Focus on material topics

The focus of the Residential Fund’s sustainability strategy is on reducing the environmental impact of its properties while enhancing comfort in cooperation with its tenants and other stakeholders, For example, our standard programme of requirements for acquisitions and renovations focuses on structural quality, energy-efficient installations, water-saving fittings and maintenance-friendly and recycled materials. We have limited control in terms of influencing and measuring energy, water and waste reductions at tenant level, so we focus on data collection of sustainability indicators in areas that we can control.

Monitoring performance

Monitoring environmental performance data (energy and water consumption, greenhouse gas emissions and waste) is an important part of managing sustainability issues. The Fund tracks and aims to improve the environmental performance of its managed real estate assets: those properties where the Fund is responsible for purchasing and managing consumption. The Fund reports on energy consumption (electricity, heating and gas: the energy components) for apartment buildings which translates to greenhouse gas emissions.

The Fund has set clear targets for the period 2016-2018 to decrease its environmental impact:

  • Energy: average annual reduction 2%

  • GHG emissions: average annual reduction 2%

  • Water: average annual reduction 2%

  • Renewable energy: increase percentage renewable energy

By selecting and focusing on the top 50 largest energy consuming assets and connections and installing LED lighting and relocating sensors, the Fund is on track meeting this target. In 2016 the Fund managed to cut elektricity consumption by 8.9% (2015: 6.9%) and total energy consumption by 2.5% (2015: 4.0%) both on a like-for-like basis. The Fund purchases renewable electricity for common areas, while property managers are required to deliver sustainable alternatives for repairs and replacements based on the Total Cost of Ownership (TCO) principle. The Fund’s standard programme of requirements includes water-saving fittings, while we are also investigating the potential use of water buffering and partly recycled (non-drinking) water, for instance for the maintenance of green areas. This puts the Fund among the most sustainable residential funds in the Netherlands.

The Fund's ambition to increase the coverage and as such the transparency of its environmental impact according to INREV sustainability guidelines is reflected in the key CSR data summary. For more detailed information on the key performance indicators, please see the CSR performance indicators at the end of this annual report.

Renewable sources

To reduce environmental and economic impact associated with fossil fuel energy use the Fund incorporated on-site renewable energy solutions prerequisites in its program of requirements for acquisitions and started to install solar panels on standing investments. At year end 2016 these actions have resulted in an increase of the Fund's on site renewable energy solutions to a total of 4,392 solar panels on both investment property and investment property under construction.

In 2016, the Residential Fund launched a second pilot with solar panels on our family homes.
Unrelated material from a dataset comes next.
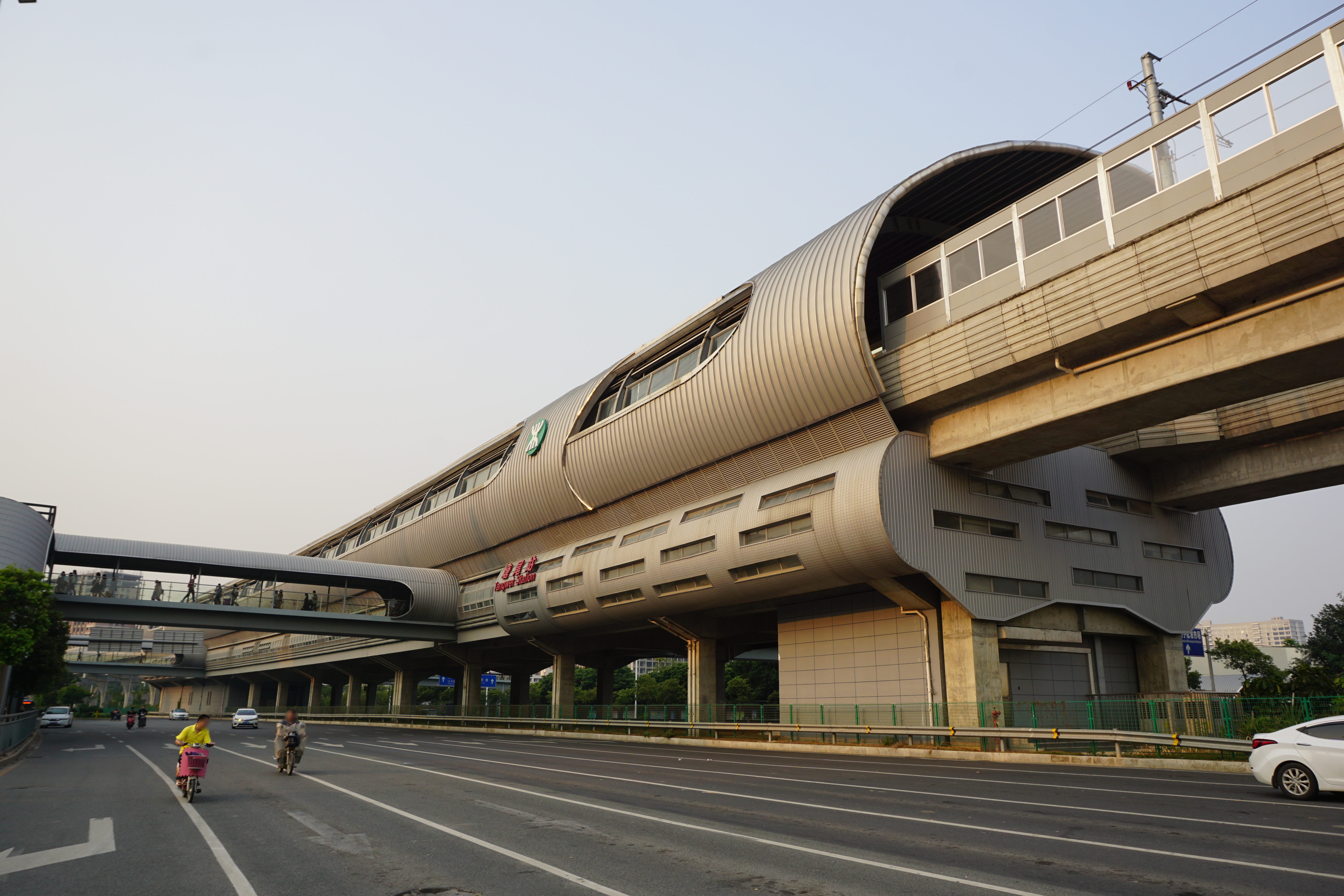 Tangwei Station in Fuyong, Shenzhen.

This pilot covers 324 homes in Nuenen and Valkenswaard, where we quickly found no less than 70 households willing to participate. This puts the conversation rate at 21.6%, considerably higher than in the first pilot. We plan to offer solar panels to around 4,300 households, as tenants generating their own power reduces fossil fuel consumption and gives us an opportunity to contribute indirectly to an improved environment. In addition, in some new-build apartment complexes we are fitting roofs with solar panels for the energy consumption in public spaces and elevators. And wherever possible, we are fitting public spaces (stairwells, parking garages, etc.) with LED lighting, which reduced energy use. Sometimes this is at the request of a tenants association when replacement of the lamps is not yet necessary. In those instances, tenants are often willing to contribute towards the expense through a slight increase in their service charges.
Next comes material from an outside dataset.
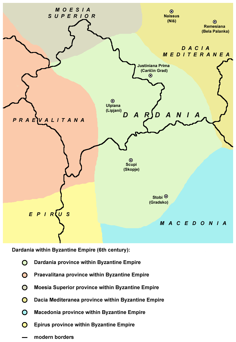 Borders of the Byzantine province of Dardania (6th century) compared to modern borders.

Both measures put the total installed on-site renewable energy capacity for the Fund at 736,00 kWh a year (2015: 108,498 kWh) and avoiding 263,857 kg GHG emissions (2015: 160,578 kg GHG emissions).

Live the future in BLOK61

BLOK61 is a complex of 96 industrial loft apartments in the heart of StrijpS, one of the most popular parts of Eindhoven. In 2016, the Residential Fund launched the ‘Live the Future’ concept for 14 loft apartments on the top floor of the complex, using smart technologies to explore ways to create energy-neutral apartments. While the block was still under construction, the Fund launched an initiative to find tenants willing to cooperate in the pilot project. These would ideally be people willing to embrace innovative new technologies and like Bouwinvest consider themselves frontrunners on the sustainability front. The respons was enthousiastic, potential tenants responded with smart solutions for these apartements. They are willing to participate and co-create in the concept.
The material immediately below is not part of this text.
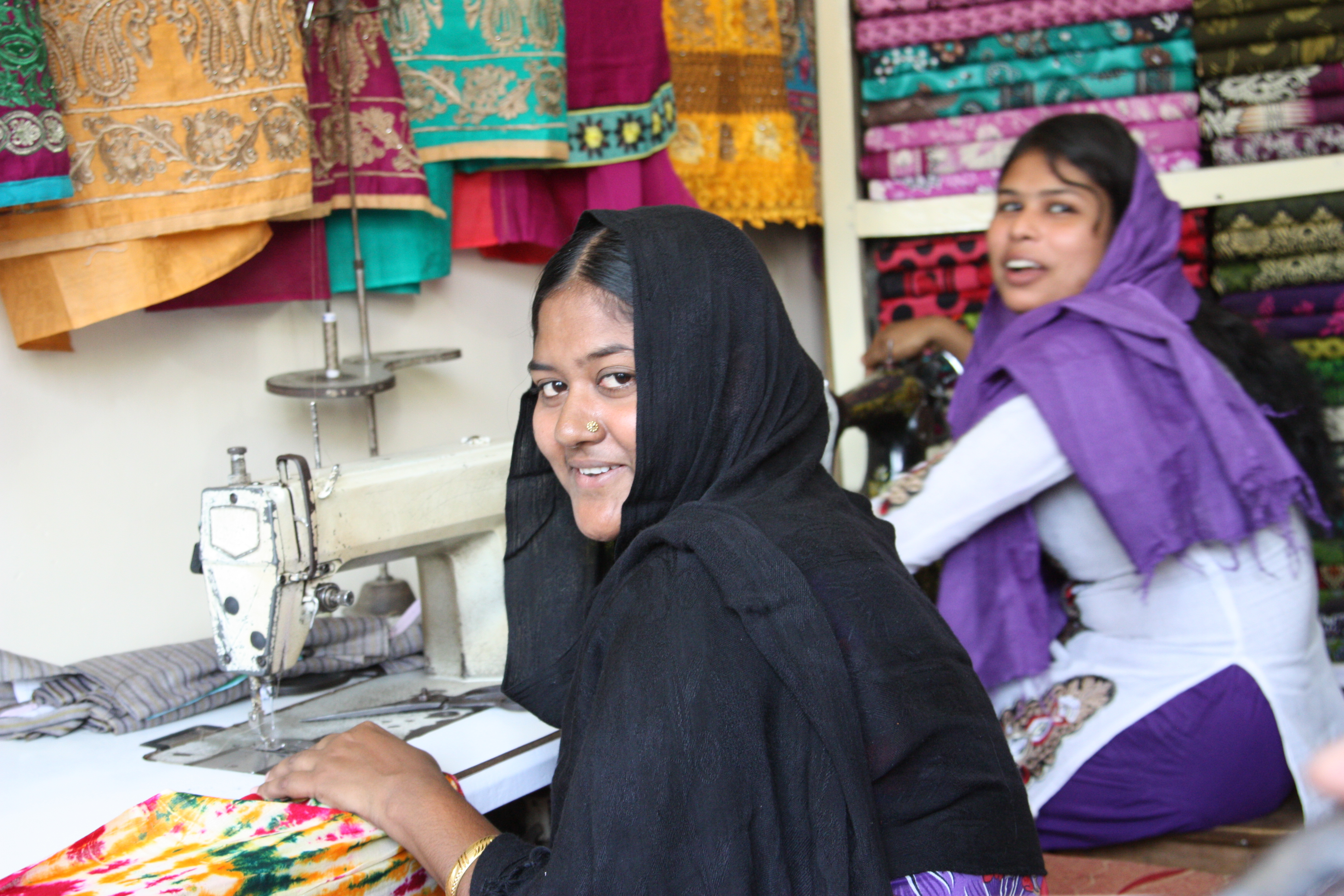 Khaleda was working in the Rana Plaza building when it collapsed on 24 April 2013. “There were 10 to 12 of us trapped under the rubble, we thought that we were going to die," says Khaleda. "We were saying goodbye to each other. I was rescued from the collapse after being buried for 16 hours." Khaleda was treated for her injuries and later on received rehabilitation support from the UK aid funded Centre for the Rehabilitation of the Paralysed (CRP). She was also able attend a 3-month vocational skills training by the UK funded ILO programme and now works as a dress maker. “I want to open my own tailoring shop in the future; ultimately I would like to become self-employed. After the training, my confidence has increased and I have enough courage and experience to manage a shop.” For more details of the UK’s work on improving safety and working conditions in the ready made garment sector in Bangladesh read our news story: Picture: Narayan Debnath/DFID

The Fund is keen to experiment with a wide range of sensors and systems to discover the best – collective – ways to create comfortable living space with the most efficient use of resources. In exchange for their cooperation and their continuous feedback, the new tenants are given free use of a whole range of gadgets. The roofs of the lofts have been fitted with solar panels and residents can use the direct current (DC) electricity generated by the panels and stored in batteries. The lofts also come complete with state-of-the-art WiFi systems giving tenants perfect connectivity in every room. And because this is a truly cooperative initiative, the tenants themselves get together to agree on how to use the available energy to maximise comfort and cost-efficiencies for all the tenants of the 14 smart lofts.

Energy labels

In 2016, the Fund continued with measures to improve the energy labels for our homes. Our goal is obtain green energy label (A, B or C) or energy index below 1.8 for all our complexes by the end of 2018. At the end of 2016, the average energy coëfficiënt of the standing investments was 1.32 (label C). Currently 93.3% of the total portfolio rates a green energy label (A, B or C label) (2015: 92.6%).